Data to process >>
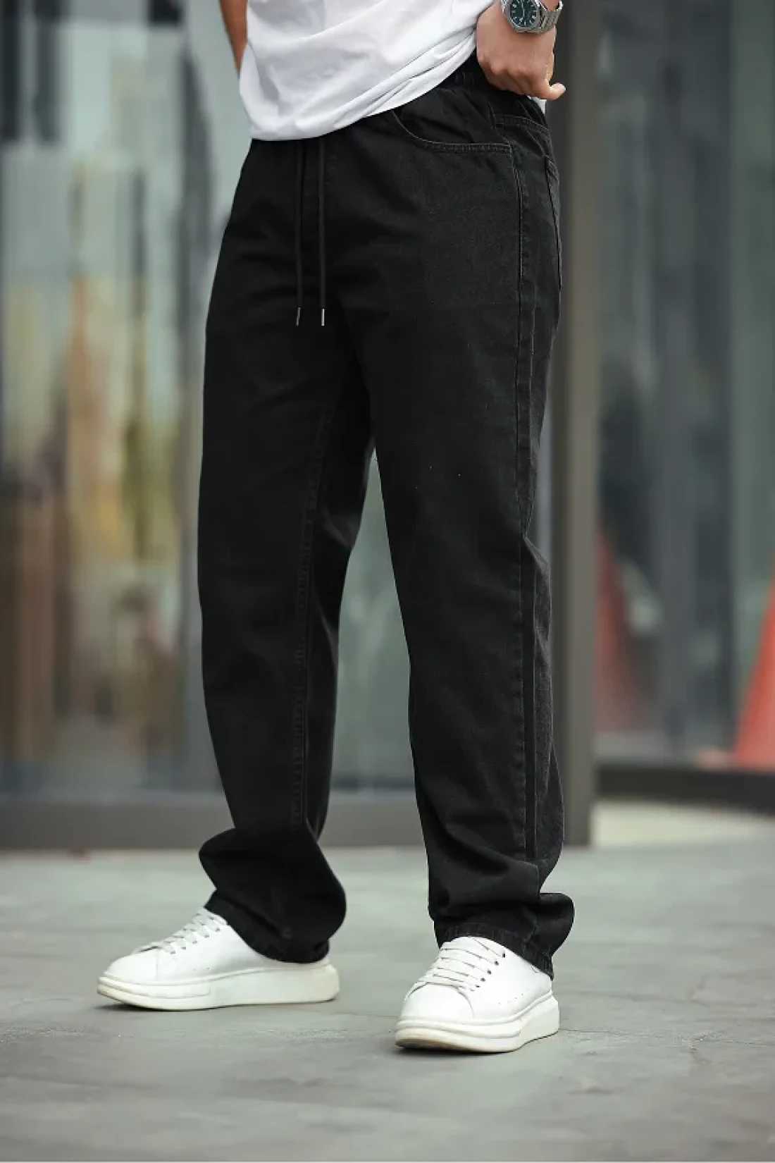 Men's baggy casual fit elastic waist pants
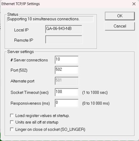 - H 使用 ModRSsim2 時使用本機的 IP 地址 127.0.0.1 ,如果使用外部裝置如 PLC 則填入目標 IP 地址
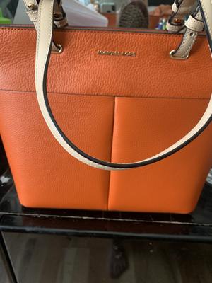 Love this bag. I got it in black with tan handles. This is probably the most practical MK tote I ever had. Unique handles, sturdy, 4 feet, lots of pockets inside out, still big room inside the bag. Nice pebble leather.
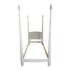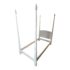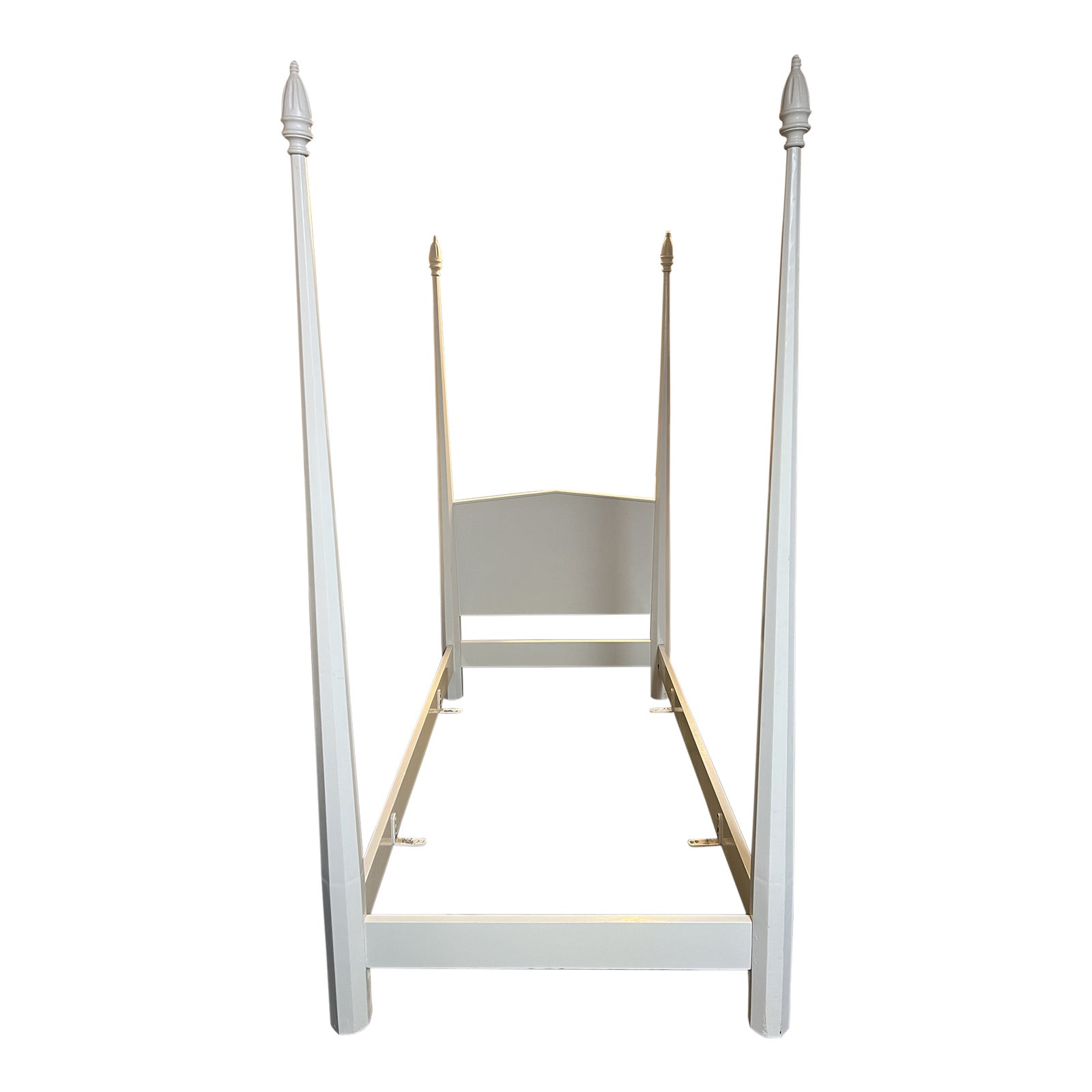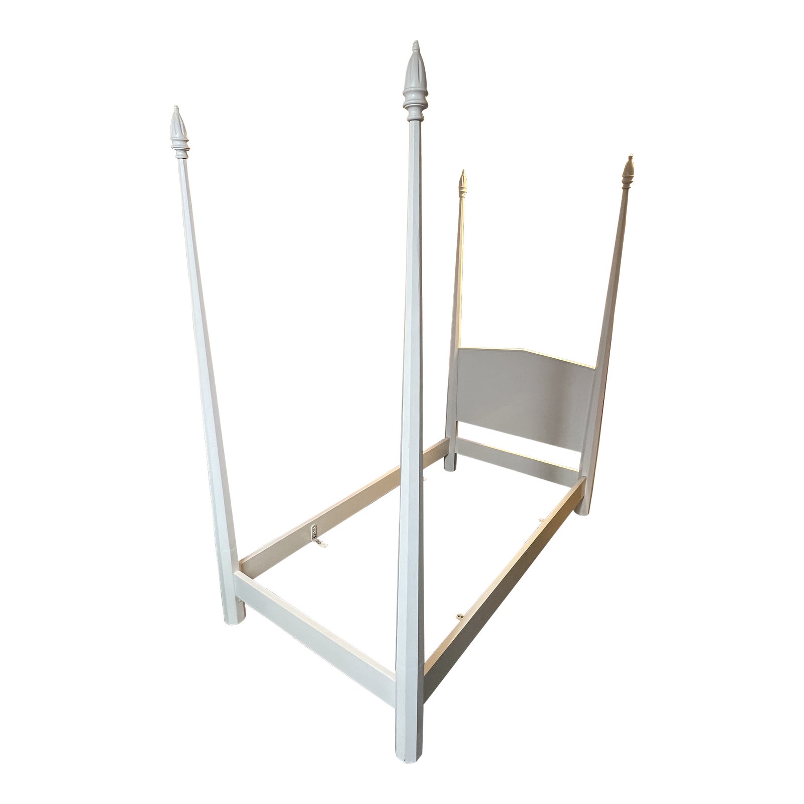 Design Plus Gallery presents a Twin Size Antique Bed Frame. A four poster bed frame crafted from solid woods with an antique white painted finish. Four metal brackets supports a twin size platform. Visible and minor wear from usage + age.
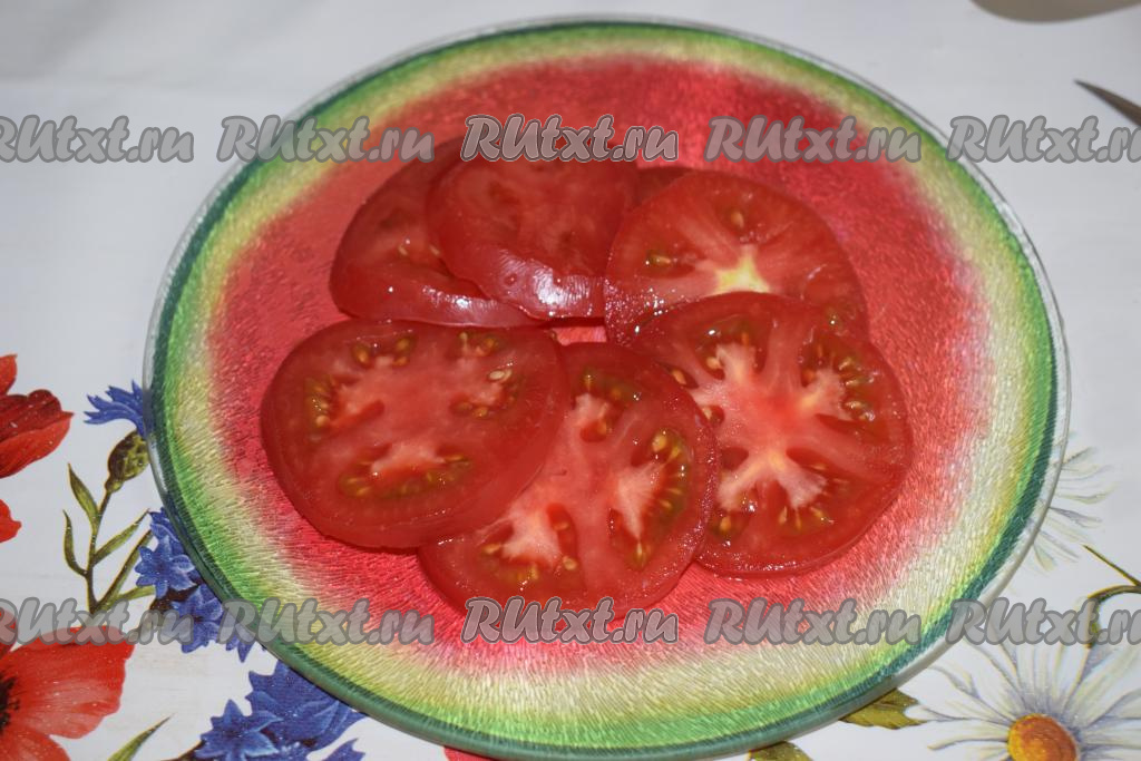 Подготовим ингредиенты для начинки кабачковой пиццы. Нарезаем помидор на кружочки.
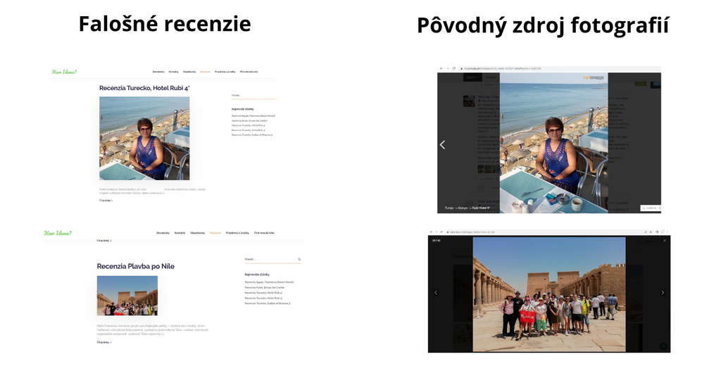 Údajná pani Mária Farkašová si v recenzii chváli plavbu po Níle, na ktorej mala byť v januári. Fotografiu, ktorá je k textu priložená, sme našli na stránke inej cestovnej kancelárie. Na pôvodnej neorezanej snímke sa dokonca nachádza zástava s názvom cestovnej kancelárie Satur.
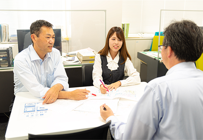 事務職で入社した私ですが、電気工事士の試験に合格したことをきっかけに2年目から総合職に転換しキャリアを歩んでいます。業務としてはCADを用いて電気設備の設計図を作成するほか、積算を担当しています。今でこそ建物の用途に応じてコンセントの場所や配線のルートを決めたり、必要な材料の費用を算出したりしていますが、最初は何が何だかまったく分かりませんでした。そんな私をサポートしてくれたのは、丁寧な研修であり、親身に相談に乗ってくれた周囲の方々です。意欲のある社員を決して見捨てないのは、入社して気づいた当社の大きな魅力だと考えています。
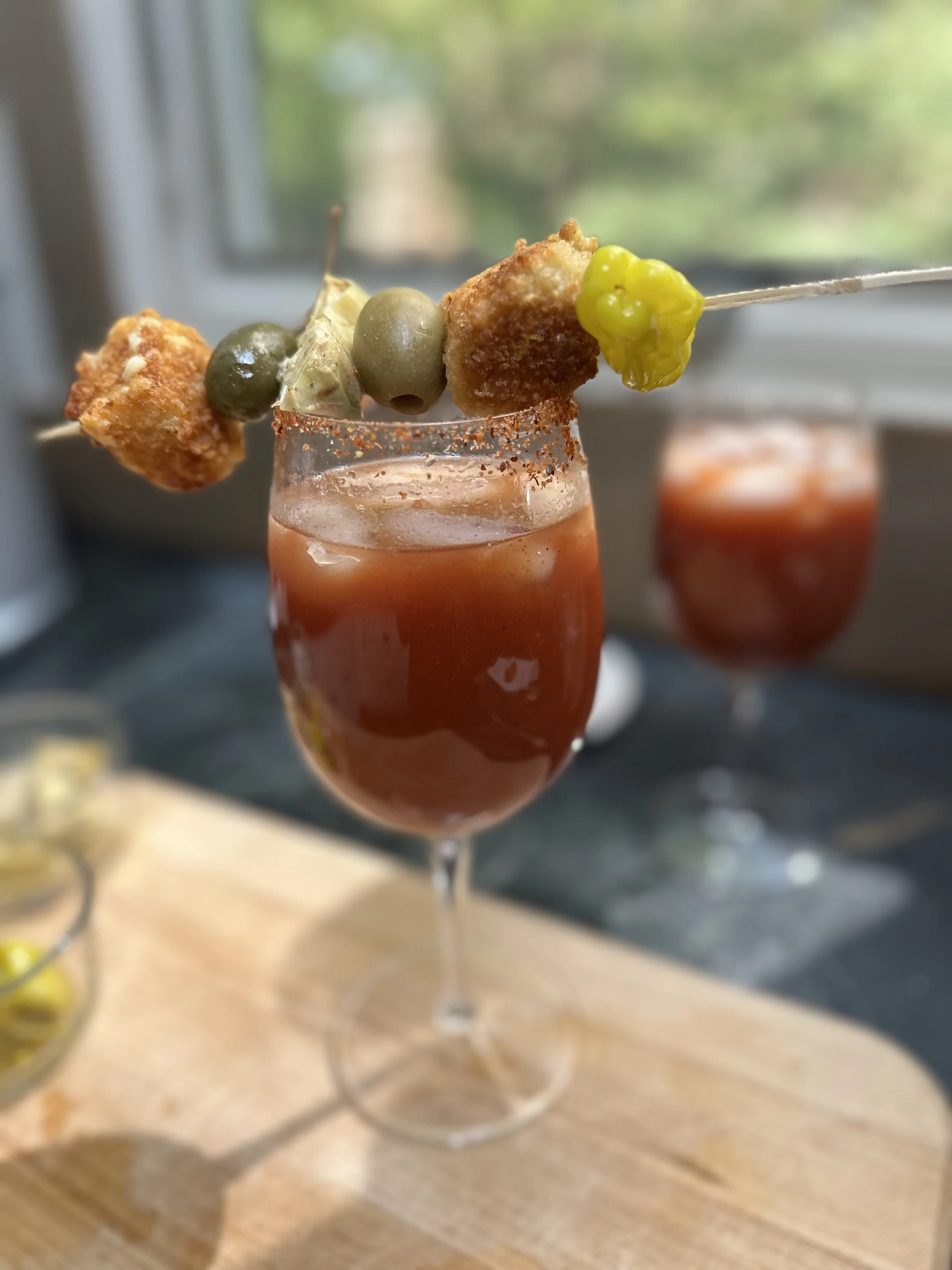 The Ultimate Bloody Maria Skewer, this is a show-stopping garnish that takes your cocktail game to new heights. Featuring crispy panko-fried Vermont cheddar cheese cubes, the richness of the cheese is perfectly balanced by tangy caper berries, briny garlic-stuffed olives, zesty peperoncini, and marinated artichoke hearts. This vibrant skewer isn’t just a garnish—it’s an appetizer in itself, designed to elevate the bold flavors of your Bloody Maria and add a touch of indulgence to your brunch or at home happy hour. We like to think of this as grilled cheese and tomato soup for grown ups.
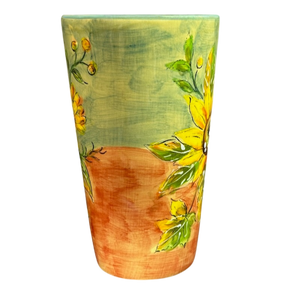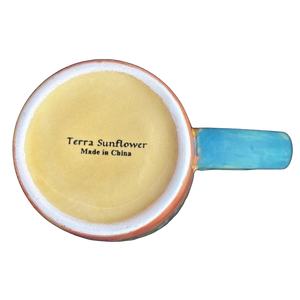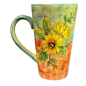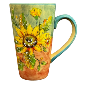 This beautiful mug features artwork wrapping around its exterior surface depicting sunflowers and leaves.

Assignment >> Set the pictures aside and reproduce exactly the lines above, from the line holding "- H 使用 ModRSsim2" through the line holding "Подготовим ингредиенты для", both included, with nothing else.

Finished task >>
 - H 使用 ModRSsim2 時使用本機的 IP 地址 127.0.0.1 ,如果使用外部裝置如 PLC 則填入目標 IP 地址
 Love this bag. I got it in black with tan handles. This is probably the most practical MK tote I ever had. Unique handles, sturdy, 4 feet, lots of pockets inside out, still big room inside the bag. Nice pebble leather.
 Design Plus Gallery presents a Twin Size Antique Bed Frame. A four poster bed frame crafted from solid woods with an antique white painted finish. Four metal brackets supports a twin size platform. Visible and minor wear from usage + age.
 Подготовим ингредиенты для начинки кабачковой пиццы. Нарезаем помидор на кружочки.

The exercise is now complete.